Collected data
####################

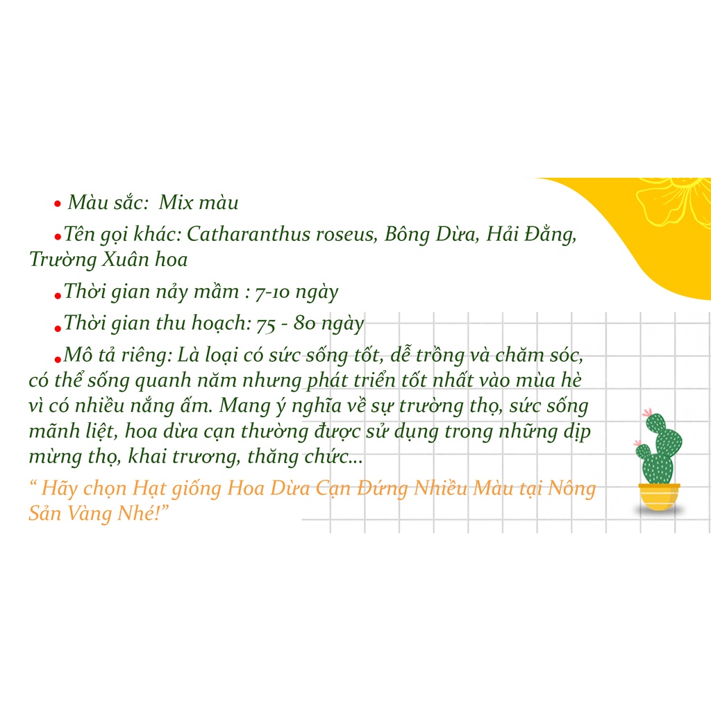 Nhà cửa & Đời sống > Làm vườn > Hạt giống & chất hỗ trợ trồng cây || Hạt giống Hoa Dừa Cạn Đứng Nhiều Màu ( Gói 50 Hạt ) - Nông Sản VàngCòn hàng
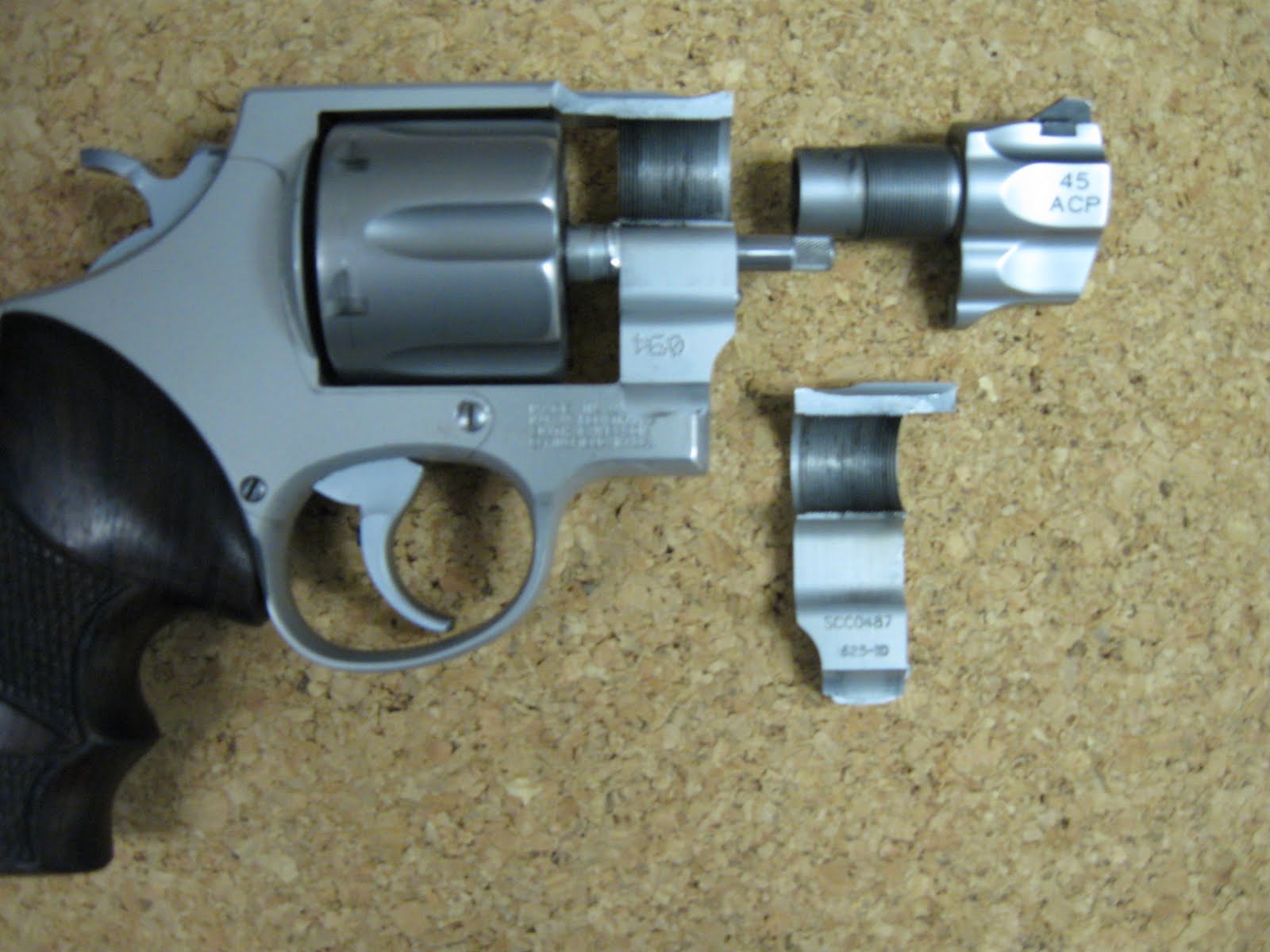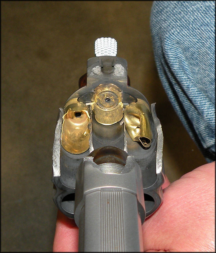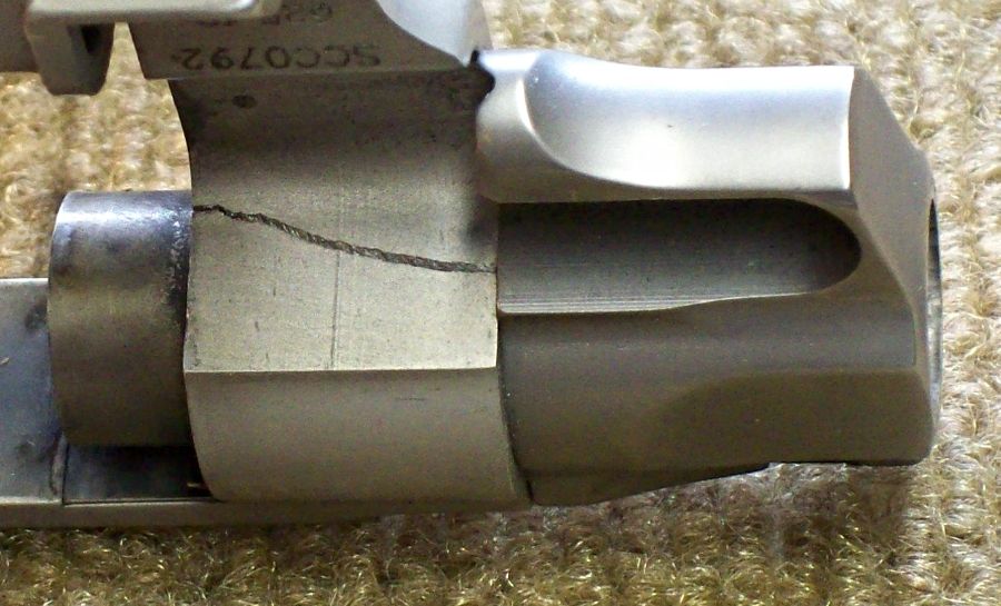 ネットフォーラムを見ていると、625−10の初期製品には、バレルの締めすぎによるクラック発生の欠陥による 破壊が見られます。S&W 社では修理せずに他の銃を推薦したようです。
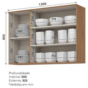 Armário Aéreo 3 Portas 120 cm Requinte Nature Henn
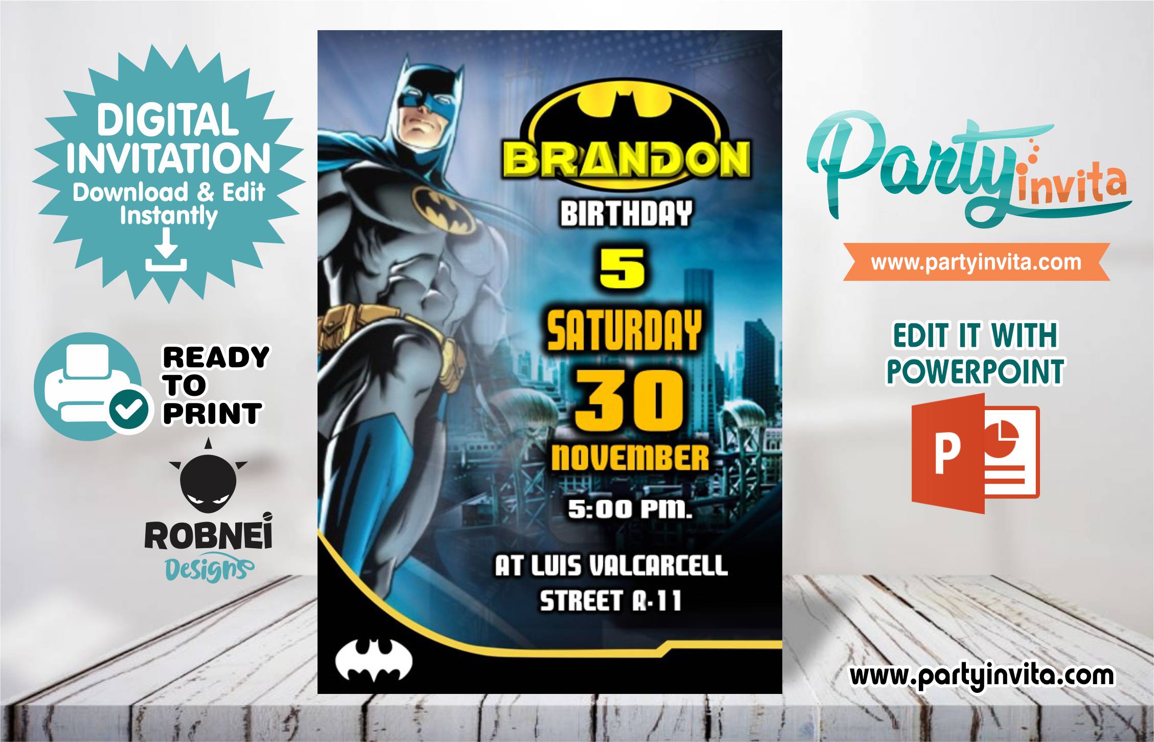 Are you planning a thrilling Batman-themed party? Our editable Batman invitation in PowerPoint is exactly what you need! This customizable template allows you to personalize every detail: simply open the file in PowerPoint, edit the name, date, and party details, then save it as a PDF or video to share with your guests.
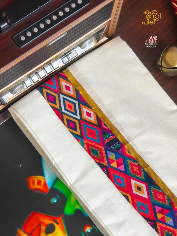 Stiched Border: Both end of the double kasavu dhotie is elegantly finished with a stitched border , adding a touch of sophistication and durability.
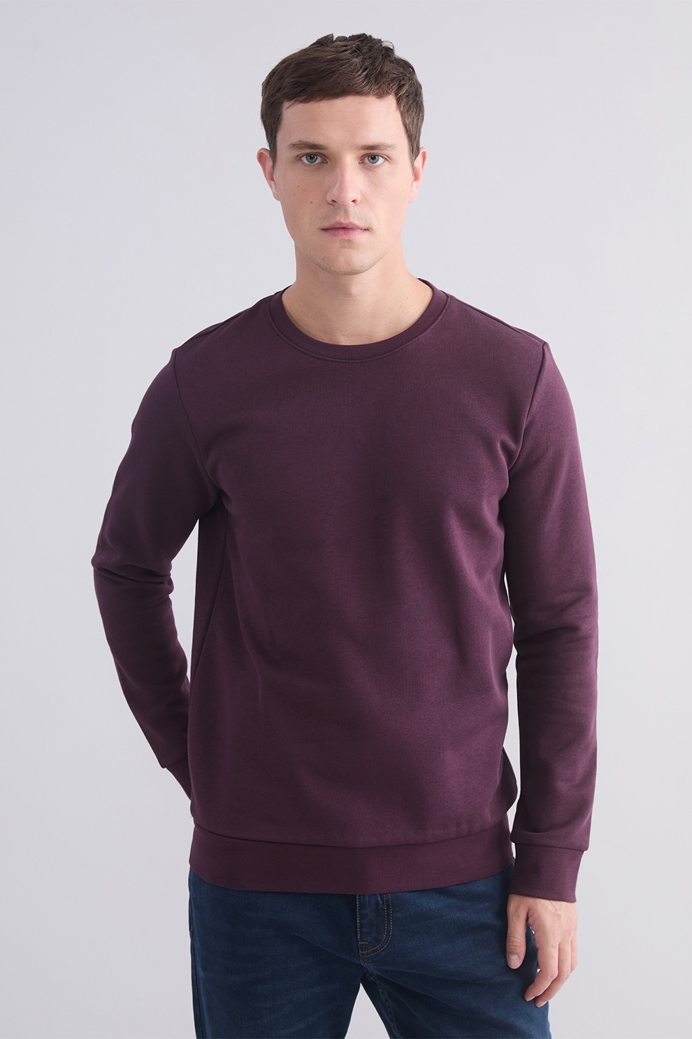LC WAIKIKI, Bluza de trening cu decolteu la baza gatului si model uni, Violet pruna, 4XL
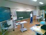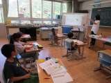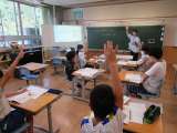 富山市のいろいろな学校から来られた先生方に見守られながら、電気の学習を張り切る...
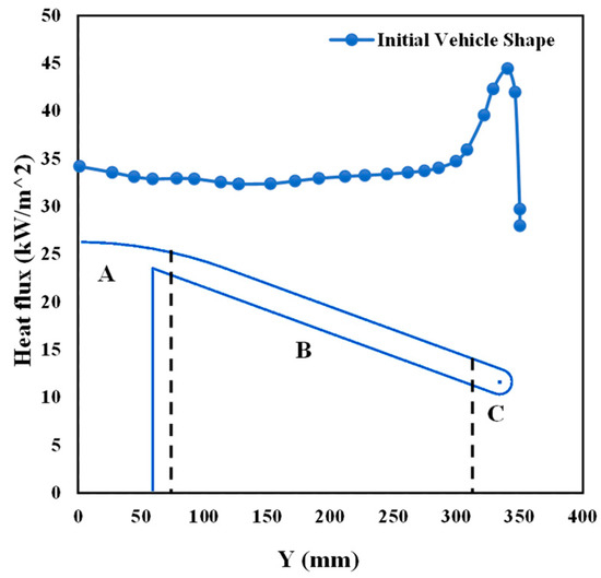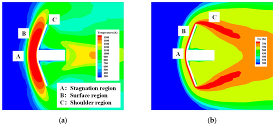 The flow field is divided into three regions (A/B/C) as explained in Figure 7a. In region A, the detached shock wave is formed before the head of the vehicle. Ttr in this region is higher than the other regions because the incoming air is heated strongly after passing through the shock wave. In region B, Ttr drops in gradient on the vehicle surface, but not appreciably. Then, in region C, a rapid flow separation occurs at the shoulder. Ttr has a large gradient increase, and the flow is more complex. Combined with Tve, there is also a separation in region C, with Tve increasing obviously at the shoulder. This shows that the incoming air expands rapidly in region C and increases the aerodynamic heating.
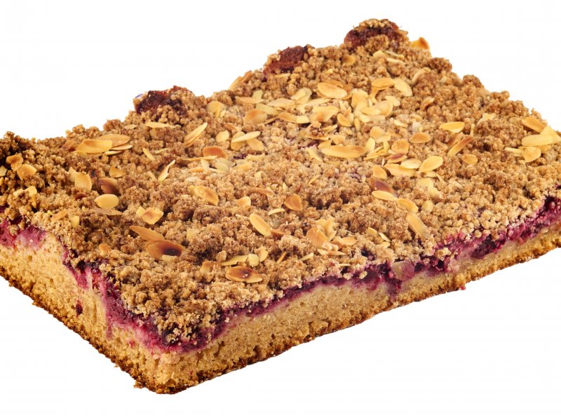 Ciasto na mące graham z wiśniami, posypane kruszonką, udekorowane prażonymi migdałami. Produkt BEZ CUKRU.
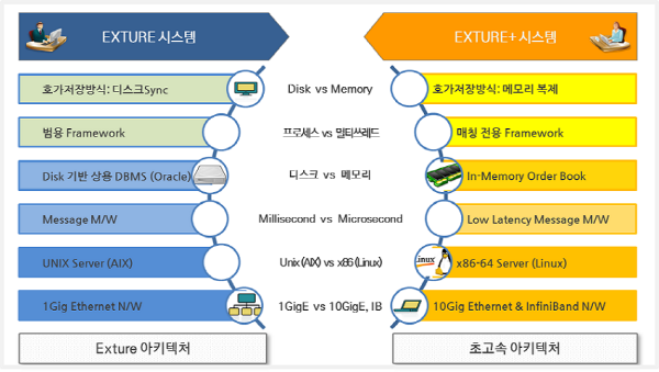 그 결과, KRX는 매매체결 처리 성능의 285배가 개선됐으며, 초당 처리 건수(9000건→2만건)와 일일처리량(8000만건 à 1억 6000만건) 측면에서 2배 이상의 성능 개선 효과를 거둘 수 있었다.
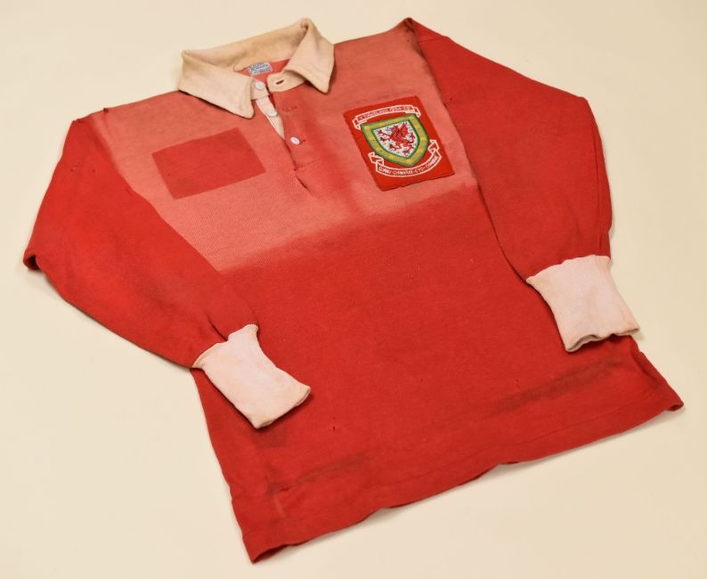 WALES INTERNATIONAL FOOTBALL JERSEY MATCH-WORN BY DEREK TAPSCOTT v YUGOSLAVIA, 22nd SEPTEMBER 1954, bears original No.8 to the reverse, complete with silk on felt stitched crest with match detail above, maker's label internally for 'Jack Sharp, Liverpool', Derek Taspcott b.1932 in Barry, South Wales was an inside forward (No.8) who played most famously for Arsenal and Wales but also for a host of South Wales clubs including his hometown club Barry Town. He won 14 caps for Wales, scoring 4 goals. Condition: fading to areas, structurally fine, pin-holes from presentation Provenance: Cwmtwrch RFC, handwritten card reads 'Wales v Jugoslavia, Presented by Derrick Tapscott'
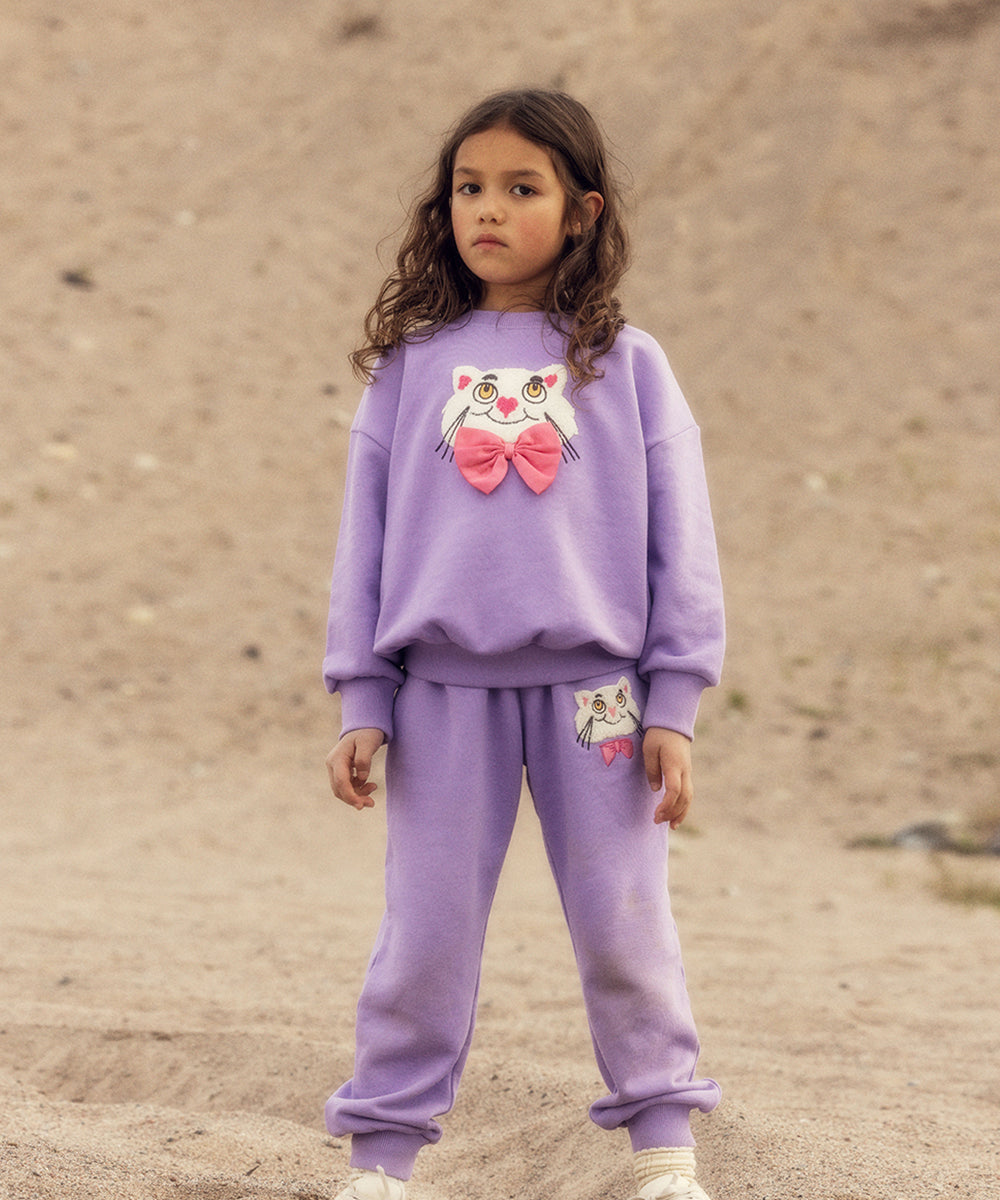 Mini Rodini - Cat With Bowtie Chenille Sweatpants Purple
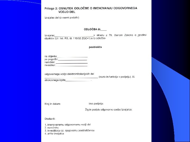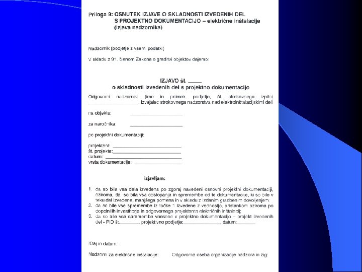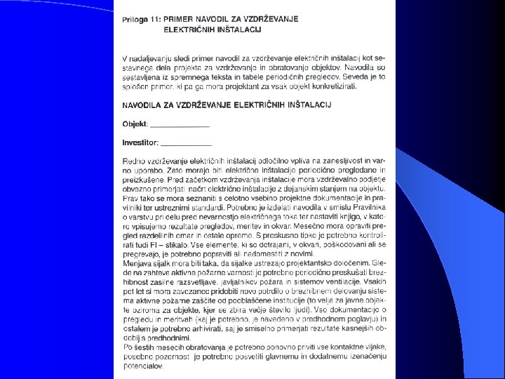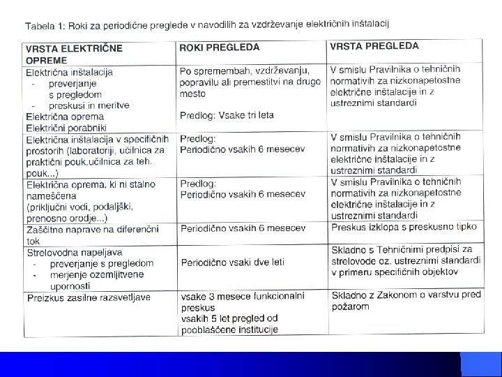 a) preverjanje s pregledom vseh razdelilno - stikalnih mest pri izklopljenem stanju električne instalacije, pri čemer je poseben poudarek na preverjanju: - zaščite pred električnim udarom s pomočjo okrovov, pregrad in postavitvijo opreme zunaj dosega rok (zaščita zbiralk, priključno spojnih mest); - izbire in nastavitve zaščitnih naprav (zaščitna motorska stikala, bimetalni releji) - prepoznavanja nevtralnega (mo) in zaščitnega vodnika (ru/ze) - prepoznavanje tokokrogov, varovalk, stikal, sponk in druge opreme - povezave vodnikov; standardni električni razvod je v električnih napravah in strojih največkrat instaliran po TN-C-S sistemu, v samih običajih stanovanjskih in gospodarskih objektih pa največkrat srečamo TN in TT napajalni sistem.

####################

Prompt: Since the pictures are not part of the copy, please transcribe only the lines above from the one with "Stiched Border: Both" through the one with "Mini Rodini - Cat", exactly and with both ends.

Result:
 Stiched Border: Both end of the double kasavu dhotie is elegantly finished with a stitched border , adding a touch of sophistication and durability.
LC WAIKIKI, Bluza de trening cu decolteu la baza gatului si model uni, Violet pruna, 4XL
 富山市のいろいろな学校から来られた先生方に見守られながら、電気の学習を張り切る...
 The flow field is divided into three regions (A/B/C) as explained in Figure 7a. In region A, the detached shock wave is formed before the head of the vehicle. Ttr in this region is higher than the other regions because the incoming air is heated strongly after passing through the shock wave. In region B, Ttr drops in gradient on the vehicle surface, but not appreciably. Then, in region C, a rapid flow separation occurs at the shoulder. Ttr has a large gradient increase, and the flow is more complex. Combined with Tve, there is also a separation in region C, with Tve increasing obviously at the shoulder. This shows that the incoming air expands rapidly in region C and increases the aerodynamic heating.
 Ciasto na mące graham z wiśniami, posypane kruszonką, udekorowane prażonymi migdałami. Produkt BEZ CUKRU.
 그 결과, KRX는 매매체결 처리 성능의 285배가 개선됐으며, 초당 처리 건수(9000건→2만건)와 일일처리량(8000만건 à 1억 6000만건) 측면에서 2배 이상의 성능 개선 효과를 거둘 수 있었다.
 WALES INTERNATIONAL FOOTBALL JERSEY MATCH-WORN BY DEREK TAPSCOTT v YUGOSLAVIA, 22nd SEPTEMBER 1954, bears original No.8 to the reverse, complete with silk on felt stitched crest with match detail above, maker's label internally for 'Jack Sharp, Liverpool', Derek Taspcott b.1932 in Barry, South Wales was an inside forward (No.8) who played most famously for Arsenal and Wales but also for a host of South Wales clubs including his hometown club Barry Town. He won 14 caps for Wales, scoring 4 goals. Condition: fading to areas, structurally fine, pin-holes from presentation Provenance: Cwmtwrch RFC, handwritten card reads 'Wales v Jugoslavia, Presented by Derrick Tapscott'
 Mini Rodini - Cat With Bowtie Chenille Sweatpants Purple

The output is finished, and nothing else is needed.